_What this task involves_
Quote the records that follow in full, leaving the pictures out.

_Records for processing_
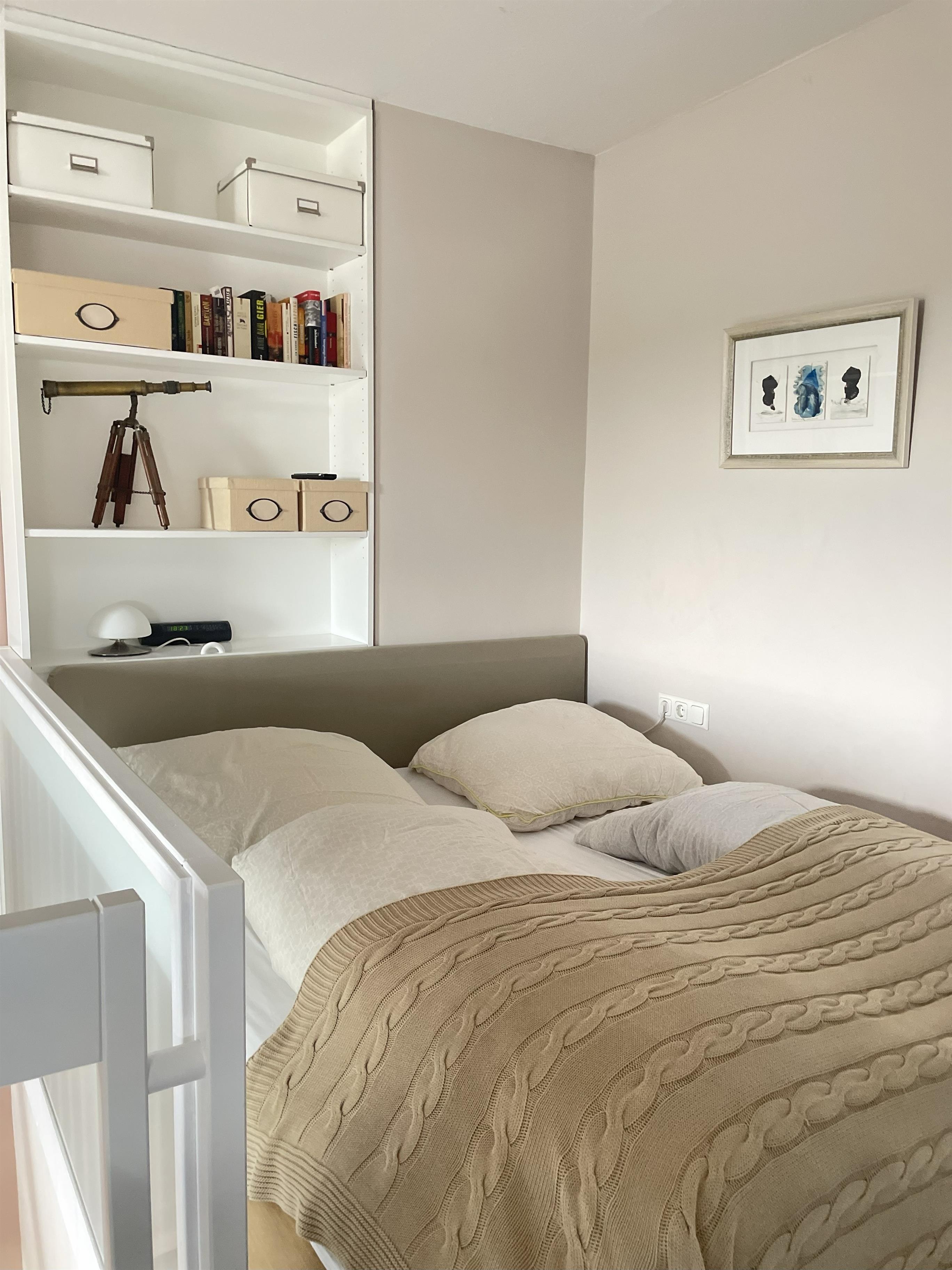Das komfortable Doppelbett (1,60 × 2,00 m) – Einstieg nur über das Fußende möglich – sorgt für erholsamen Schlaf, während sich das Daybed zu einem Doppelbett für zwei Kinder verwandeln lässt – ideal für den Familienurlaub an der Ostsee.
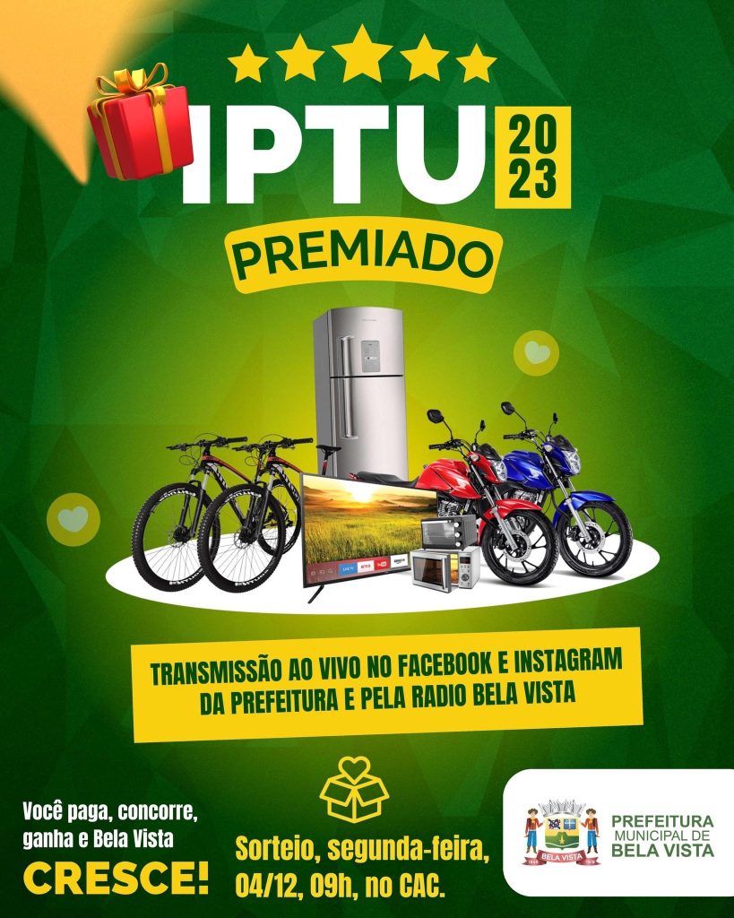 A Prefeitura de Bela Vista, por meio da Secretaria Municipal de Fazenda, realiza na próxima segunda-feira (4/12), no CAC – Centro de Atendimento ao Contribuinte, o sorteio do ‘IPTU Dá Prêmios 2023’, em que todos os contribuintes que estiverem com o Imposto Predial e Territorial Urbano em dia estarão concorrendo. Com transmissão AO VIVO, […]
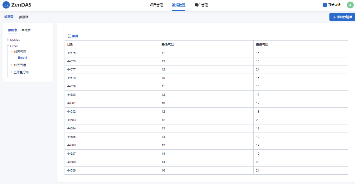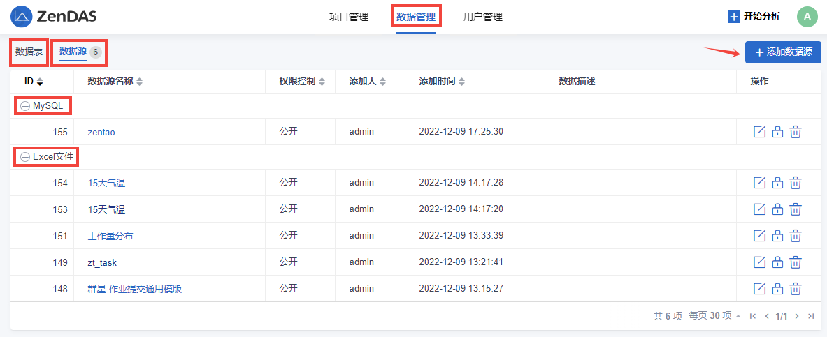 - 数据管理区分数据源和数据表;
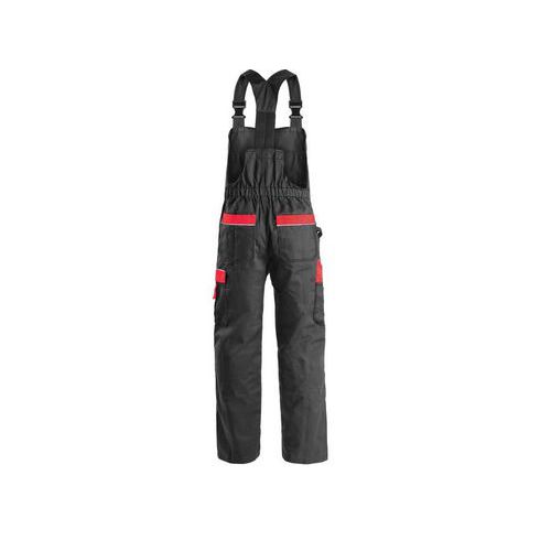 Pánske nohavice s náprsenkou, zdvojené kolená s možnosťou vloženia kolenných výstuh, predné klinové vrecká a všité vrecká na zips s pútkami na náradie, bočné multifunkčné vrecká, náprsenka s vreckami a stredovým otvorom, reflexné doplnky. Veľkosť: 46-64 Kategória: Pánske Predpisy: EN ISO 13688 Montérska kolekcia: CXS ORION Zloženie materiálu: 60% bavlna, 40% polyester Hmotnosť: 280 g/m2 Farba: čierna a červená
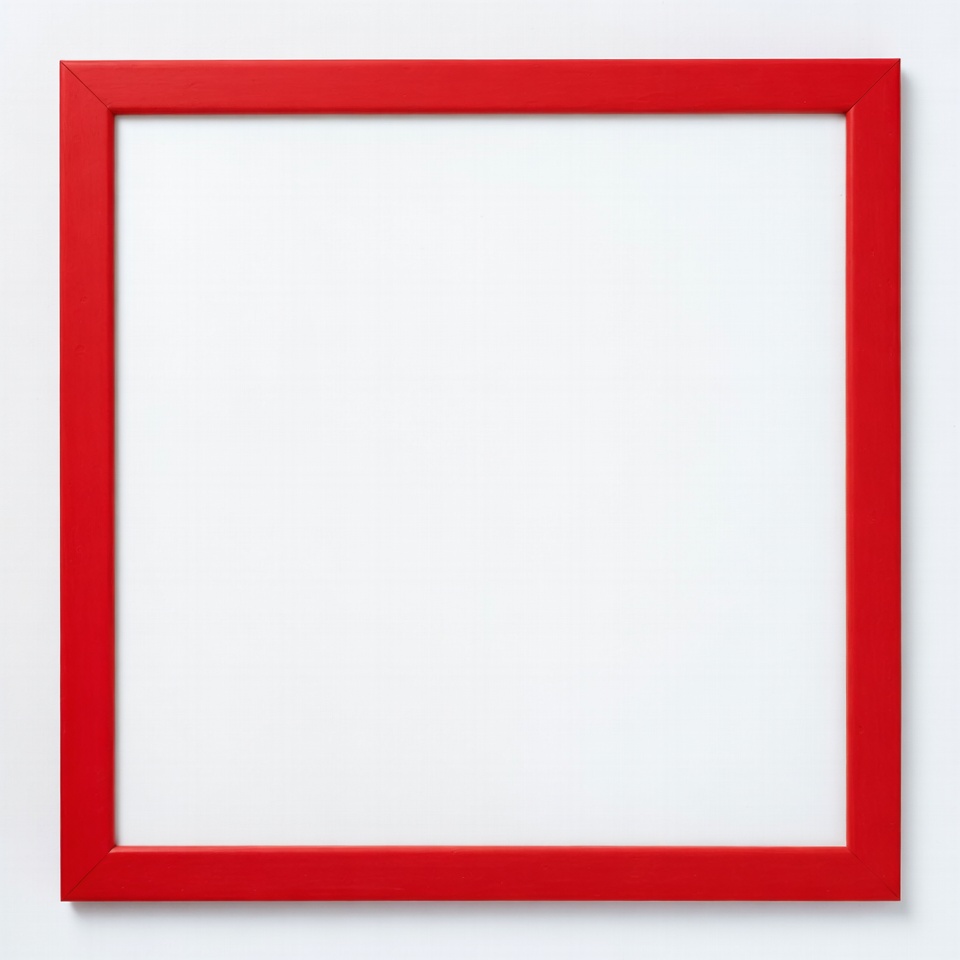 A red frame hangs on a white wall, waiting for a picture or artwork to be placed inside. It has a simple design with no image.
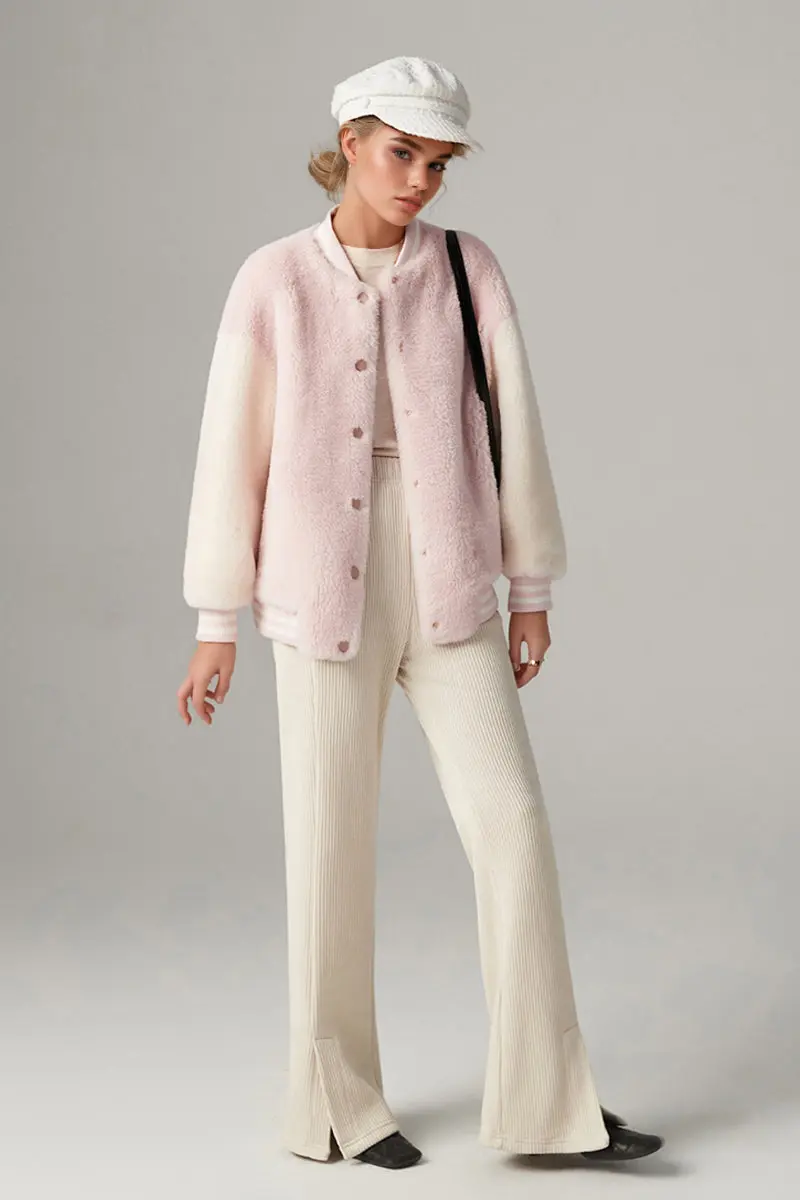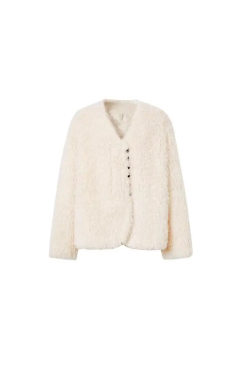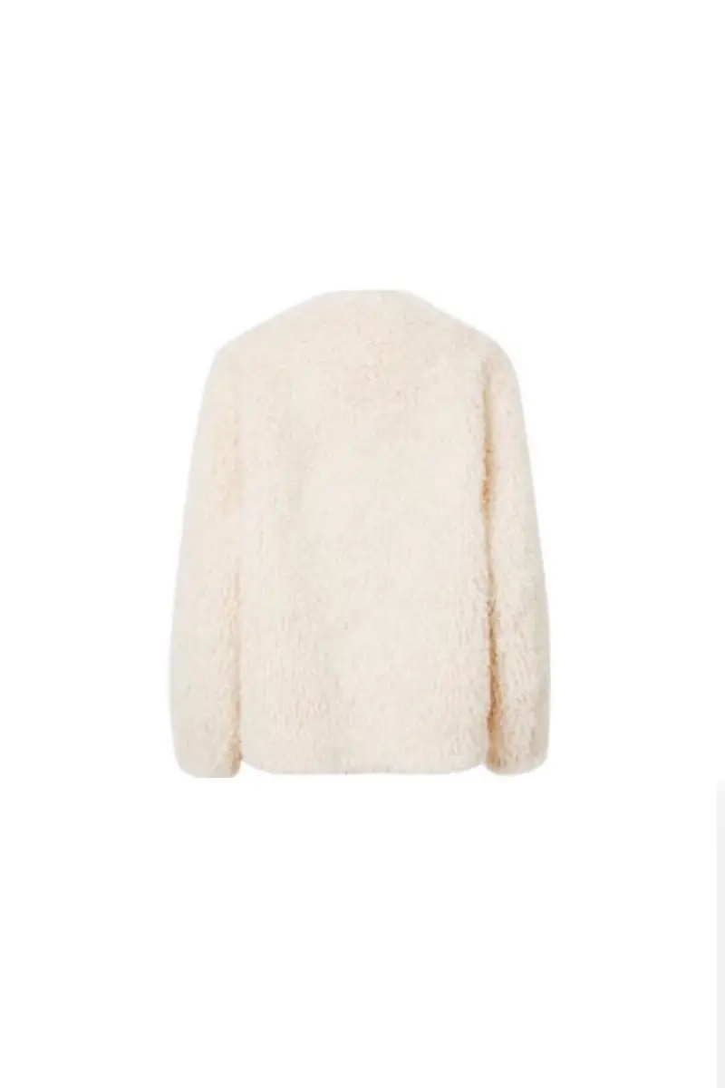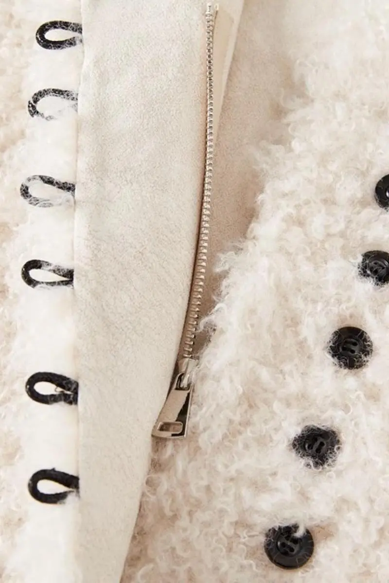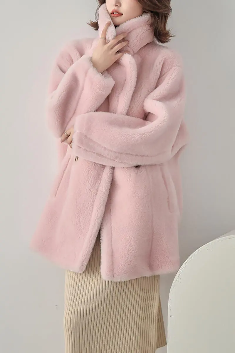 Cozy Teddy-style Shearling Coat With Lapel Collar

_Solved exercise_
Das komfortable Doppelbett (1,60 × 2,00 m) – Einstieg nur über das Fußende möglich – sorgt für erholsamen Schlaf, während sich das Daybed zu einem Doppelbett für zwei Kinder verwandeln lässt – ideal für den Familienurlaub an der Ostsee.
 A Prefeitura de Bela Vista, por meio da Secretaria Municipal de Fazenda, realiza na próxima segunda-feira (4/12), no CAC – Centro de Atendimento ao Contribuinte, o sorteio do ‘IPTU Dá Prêmios 2023’, em que todos os contribuintes que estiverem com o Imposto Predial e Territorial Urbano em dia estarão concorrendo. Com transmissão AO VIVO, […]
 - 数据管理区分数据源和数据表;
 Pánske nohavice s náprsenkou, zdvojené kolená s možnosťou vloženia kolenných výstuh, predné klinové vrecká a všité vrecká na zips s pútkami na náradie, bočné multifunkčné vrecká, náprsenka s vreckami a stredovým otvorom, reflexné doplnky. Veľkosť: 46-64 Kategória: Pánske Predpisy: EN ISO 13688 Montérska kolekcia: CXS ORION Zloženie materiálu: 60% bavlna, 40% polyester Hmotnosť: 280 g/m2 Farba: čierna a červená
 A red frame hangs on a white wall, waiting for a picture or artwork to be placed inside. It has a simple design with no image.
 Cozy Teddy-style Shearling Coat With Lapel Collar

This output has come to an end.